Do you ever feel depressed during winter and fall? Do cloudy, rainy days bring you down? This pervasive feeling that impacts your mood could be due to a vitamin D deficiency due to the reduction of sunlight exposure. Are you spending fewer hours outdoors?

So can a lack of sunshine really cause such an alteration in your mood? Indeed, vitamin D has an important role as a regulator of neurotransmitters related to mood.

In today’s article, you’ll learn more about this vitamin, the impact of its deficiency in your body, and what you can do to have optimal blood levels.

“Ô, Sunlight! The most precious gold to be found on Earth.”

-Roman Payne-

Looking at the sun through a vitamin C pill to improve mood.

What do we know about vitamin D?

Vitamins are substances that allow the body to function properly. In the specific case of vitamin D, its main function is to regulate calcium and phosphate levels. It’s essential for the formation of the skeleton.

Low levels can lead to rickets in children and osteomalacia in adults. Another of its functions is to modulate the immune system, promoting the transformation of monocytes into macrophages.

You can get this vitamin in three ways:

  • Through foods such as the cod liver and oily fish such as tuna, salmon, mackerel, and sardines. This is because they all contain significant amounts of vitamin D. To a lesser extent, you can also include beef liver, egg yolks, and wild mushrooms.
  • Through supplements.
  • Finally, through cutaneous synthesis by exposure to UVB rays in sunlight, which is where most of the vitamin D in humans comes from.

What’s the role of vitamin D in the mood?

There’s evidence that vitamin D regulates an enzyme that converts tryptophan into serotonin. The latter is important due to its role in regulating moods (improving mood and reducing aggressiveness and impulsiveness, etc.), and in the development of a baby’s brain during pregnancy.

In addition, there’s a clear correlation between vitamin D deficiency and seasonal affective disorder observed in 10% of the population, according to research. This would explain the beneficial effects of phototherapy in patients with this condition.

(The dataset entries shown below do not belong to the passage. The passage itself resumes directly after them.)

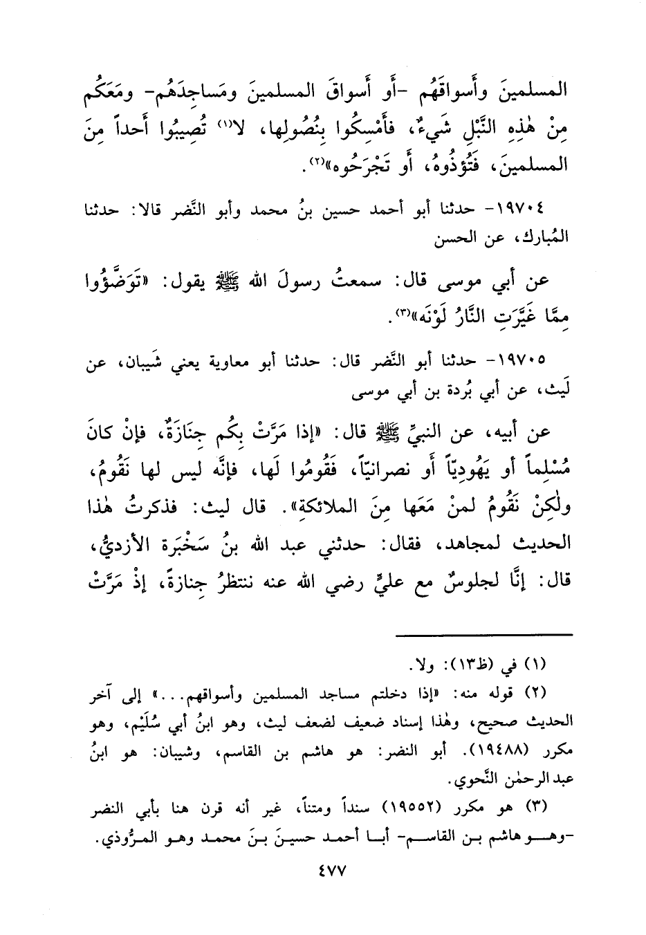 (٣) هو مكرر (١٩٥٥٢) سنداً ومتناً، غير أنه قرن هنا بأبي النضر - وهو هاشم بن القاسم- أبا أحمد حسينَ بنَ محمد وهو المرُّوذي.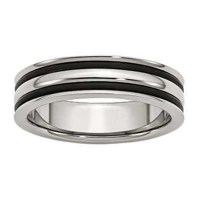 Personalized Mens 6mm Stainless Steel Black Rubber Wedding Band
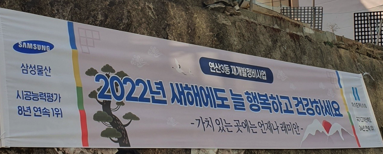 부산 최고 선호도를 가진 삼성 래미안의 플랜카드 가 붙어서 더욱 기대감이 높아지고 있습니다.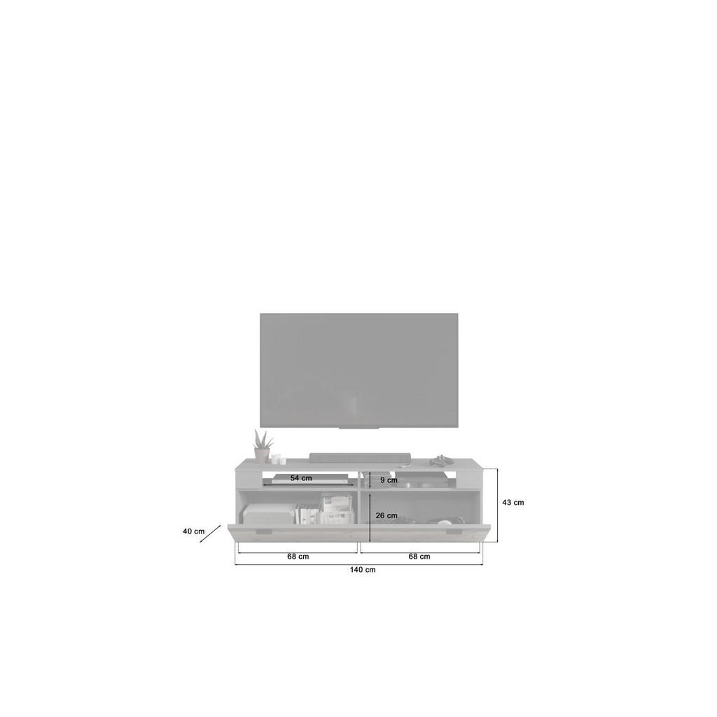 TV element MID.YOU združuje minimalističen dizajn, praktično zasnovo in nevtralne barvne tone, ki se brez težav vključijo v vsak sodoben ambient. Kombinacija sivega dekorja in poudarkov Nox hrast ustvarja moderen, a hkrati topel videz. Zaradi kompaktnih mer je idealna izbira tako za manjše kot tudi srednje velike dnevne prostore. Ključne prednosti: Moderen in čist dizajn, primeren za sodobne dnevne in jedilne prostore Veliko shranjevalnega prostora s štirimi notranjimi policami Praktična razporeditev z dvema vrtljivima vratoma za urejen videz brez nereda Enostavna montaža in nezahtevno vzdrževanje Izdelano iz FSC MIX certificiranih materialov, odgovorna izbira Lastnosti: Dimenzije: 140 x 42 x 40 cm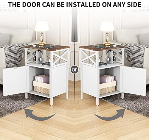 LDTTCUK Side Table with Charging Station, End Table with Power Outlet & USB Ports, Nightstand with 2 Tiers Storage Space and Storage Cabinet, Sofa Side Tables for Bedroom, Living Room,Office,White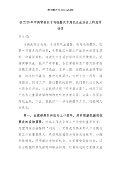 【七哥公文】2025年:【七哥公文】在2025年市委常委班子巡视整改专题民主生活会上的总结讲话+更多免费公文+VX:QiGeGongWen2024+更多免费公文+VX:QiGeGongWen2024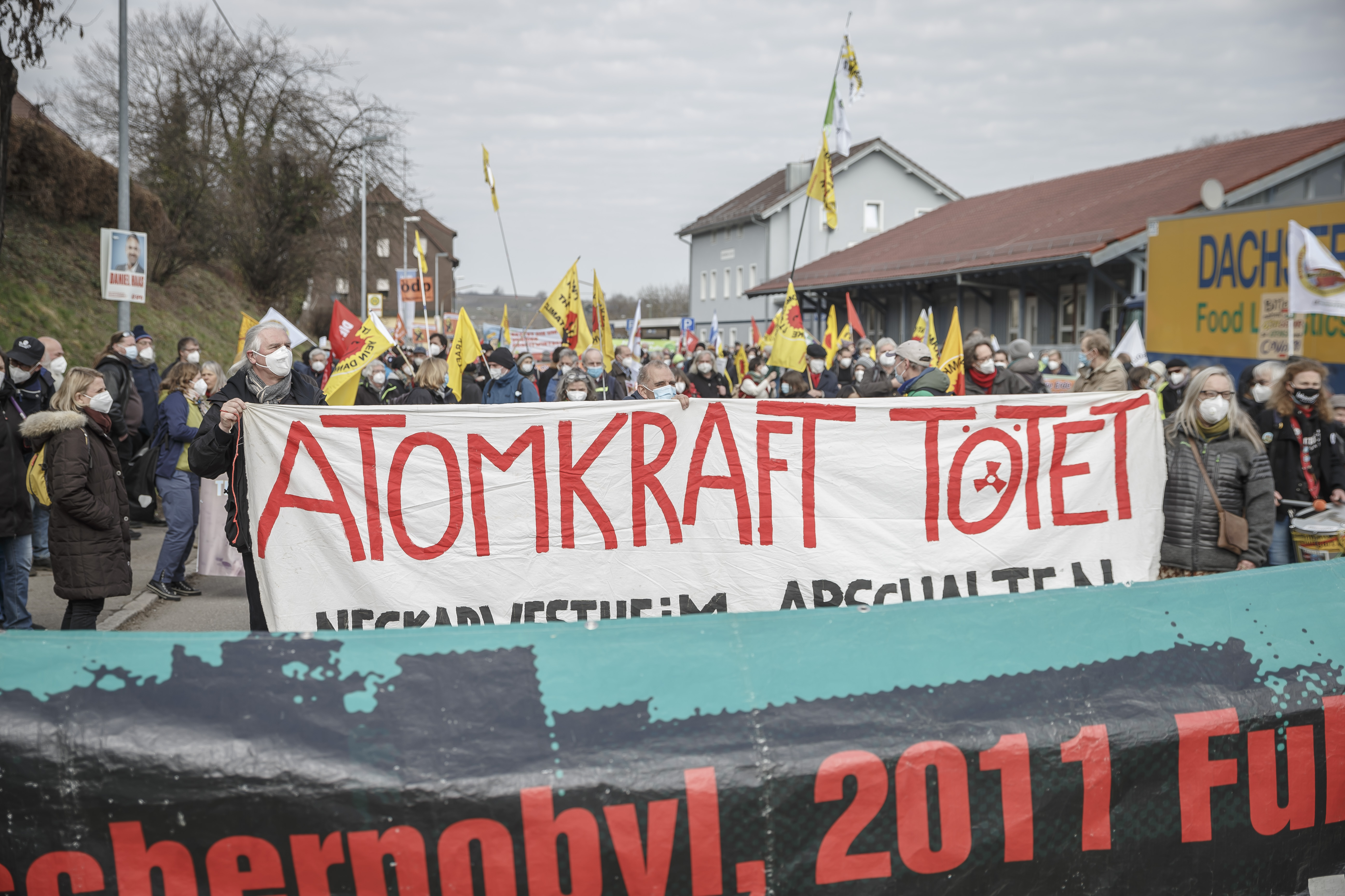 07.03.2021: Zehn Jahre nach dem Super-GAU im AKW Fukushima fordern 500 Atomkraftgegner*innen mit einer Demonstration zum AKW Neckarwestheim‑2 dessen sofortige Stilllegung. Auch in Fukushima waren die Gefahren lange bekannt, wurden aber ignoriert – bis es schließlich zur Katastrophe kam.

It seems that the deficiency may be associated with a higher frequency of depressive and anxiety symptoms, without having been able to establish a causal relationship.

It’s really very difficult to know if vitamin D deficiency is the cause of depression or if depression is the cause of vitamin D deficiency. Mainly due to the reduction in exposure to ultraviolet rays and the lack of concern for proper nutrition. So for now, only the coexistence of both circumstances has been verified. Therefore, no studies support the effectiveness of vitamin supplements in reducing depressive symptoms.

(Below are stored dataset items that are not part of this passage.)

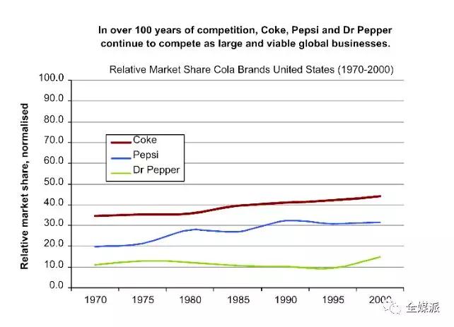 “一旦网络引力开始在某个行业中发挥作用,互联网的特性就保证了那些作用非同小可。社会化的、全球化的以及数字化的食物往往呈现滚雪球式的增长态势。”而这与线下市场有着根本性的区别。举例来看,在碳酸饮料行业,全球领军者是可口可乐,挑战者是百事可乐, 两家公司竞争了大半个世纪,每年砸下数十亿美元的广告费,大量聪明绝顶的人为此付出巨大的努力,但事实上两家公司的市场份额并没有太大的变化。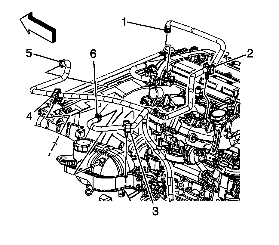 28. Position the charge air bypass valve vacuum hose clamp at the intake manifold.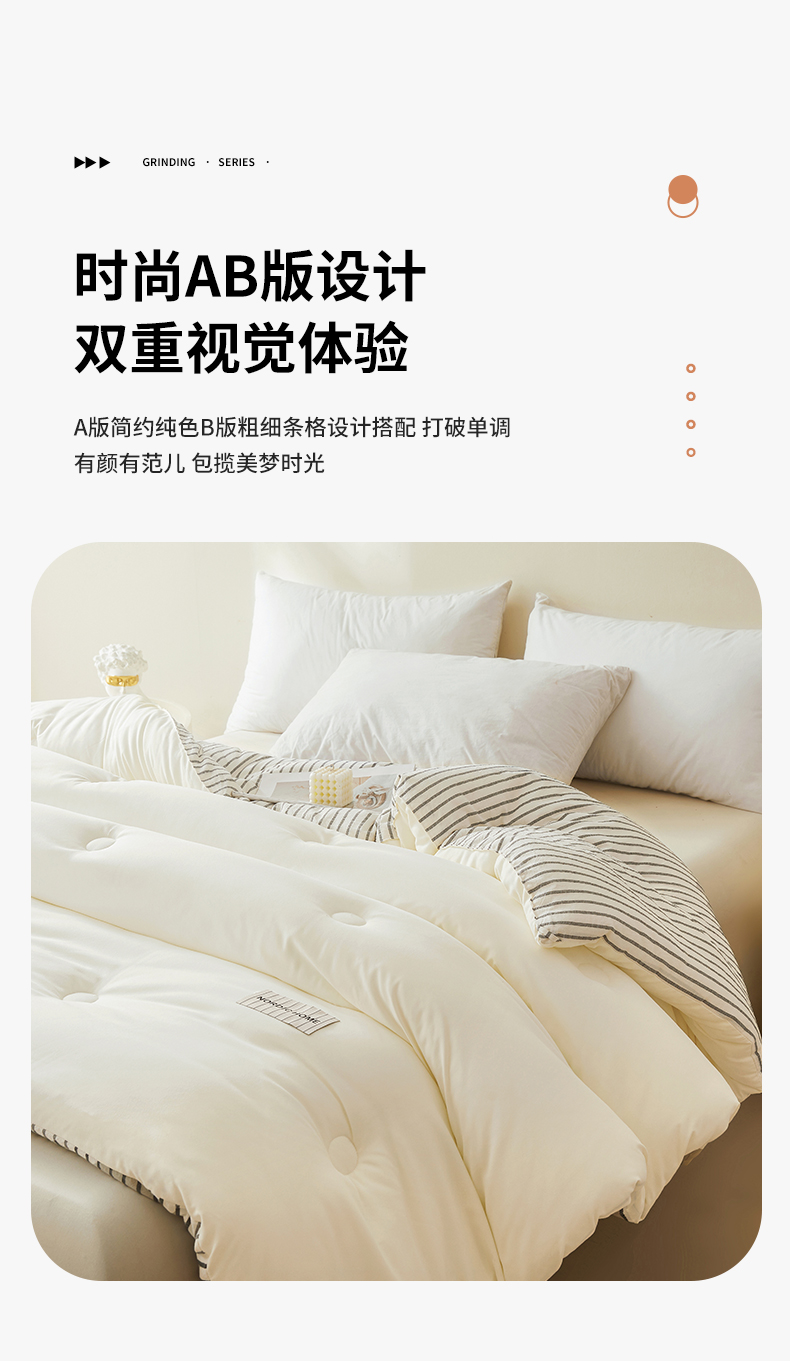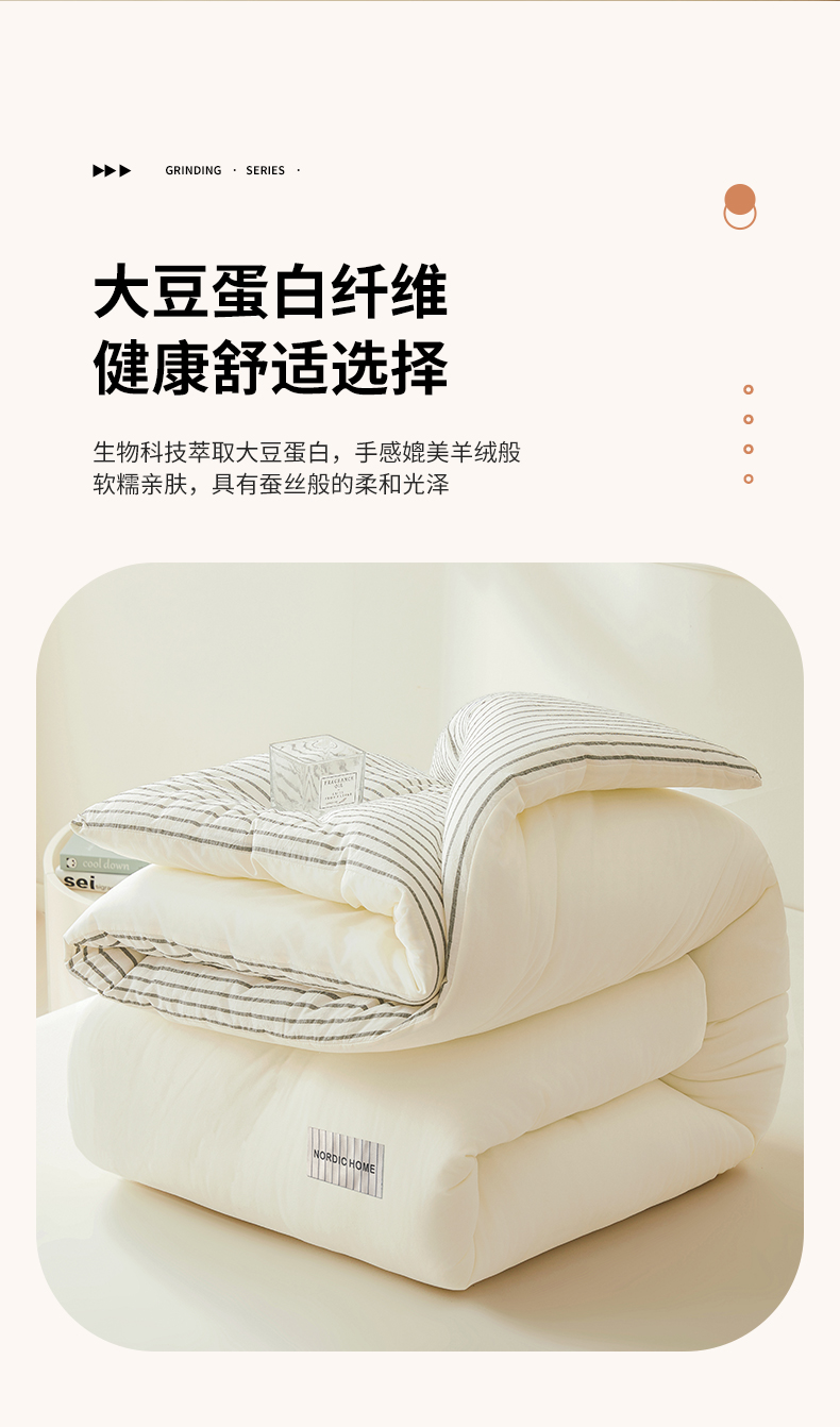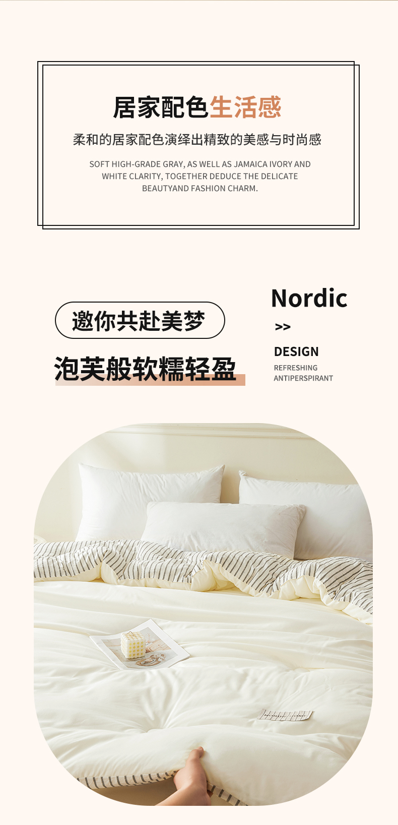 • 91家纺网 家纺一手货源 找家纺 荔禾家居 2024新款A类素色条纹双拼大豆被子被芯 条纹-珍珠白

In addition to emotional symptoms, the deficiency of this vitamin can be related to the appearance of other mental health problems, such as:

Alzheimer’s disease

We know the origin of such a cruel disease is still unknown and a multi-causal origin is advocated. However, research revealed the risk of Alzheimer’s is higher in people with vitamin D deficiency.

Autism

This is another disorder of multicausal origin, as it has no single known cause. However, due to the role of vitamin D and serotonin in brain development, a deficiency could influence the development of autism spectrum disorder (ASD).

Evidence found that the risk of developing ASD could be reduced if pregnant women supplemented with vitamin D.

Psychosis

A study conducted in the United Kingdom showed that participants who had a first psychotic break had significantly lower vitamin D levels than healthy participants.

Other studies conducted in Finland found that young men who’d taken this vitamin as a supplement to their diet had three times a lower risk of developing psychosis than those who hadn’t.

An array of vitamin D.

Sun, please shine down on me

It’s now clear that one can’t determine whether vitamin D deficiency is the cause of mental disorders. However, the health benefits of exposure to sunlight and its impact on the mood are well-known.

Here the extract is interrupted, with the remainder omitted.